1. Replication factor controls how many times the namenode replicates its metadata
2. Replication factor creates multiple copies of the same file to be served to clients
3. Access Mostly Uused Products by 50000+ Subscribers
4. None of these answers are correct.
Ans : 3
Exp : Data is replicated in the Hadoop cluster based on the replication factor. The high replication factor guarantees data availability in the event of failure.

Question :

How does the Hadoop cluster tolerate datanode failures?

1. Failures are anticipated. When they occur, the jobs are re-executed.
2. Datanodes talk to each other and figure out what need to be re-replicated if one of the nodes goes down
3. Access Mostly Uused Products by 50000+ Subscribers
4. Since Hadoop is design to run on commodity hardware, the datanode failures are expected. Namenode keeps track of all available datanodes and actively
maintains replication factor on all data.
Ans : 4
Exp : The namenode actively tracks the status of all datanodes and acts immediately if the datanodes become non-responsive.

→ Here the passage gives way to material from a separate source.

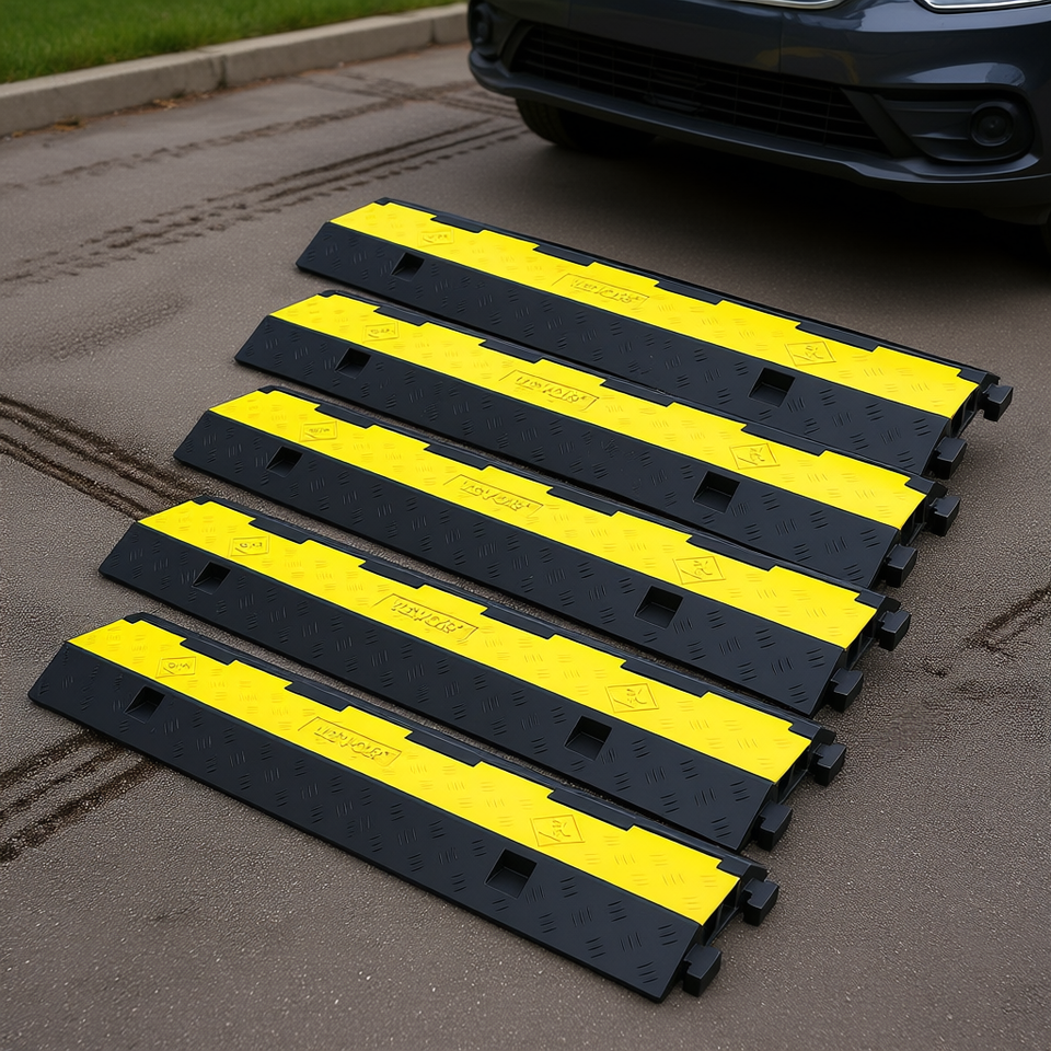 Protector de Cables Vevor de 2 Canales, Rampa Modular de Goma, Paquete de 5, Capacidad de Carga de 11000 Libras, Rampa de Tráfico para Entrada de Vehículos

The namenode is the central "brain" of the HDFS and
starts replication of the data the moment a disconnect is detected.

Question :

Which of the following tool, defines a SQL like language..

1. Pig
2. Hive
3. Access Mostly Uused Products by 50000+ Subscribers
4. Flume
Ans 2

Question : As a client of HadoopExam, you are able to access the Hadoop cluster of HadoopExam Inc, Once a your application validates
its identity and is granted access to a file in a cluster, what is the remainder of the read path back to the client?

1. The NameNode gives the client the block IDs and a list of DataNodes on which those blocks are found, and the application reads the blocks directly from the DataNodes.
2. The NameNode maps the read request against the block locations in its stored metadata, and reads those blocks from the DataNodes. The client application then reads
the blocks from the NameNode.
3. Access Mostly Uused Products by 50000+ Subscribers
4. DataNode closest to the client according to Hadoop's rack topology. The client application then reads the blocks from that single DataNode.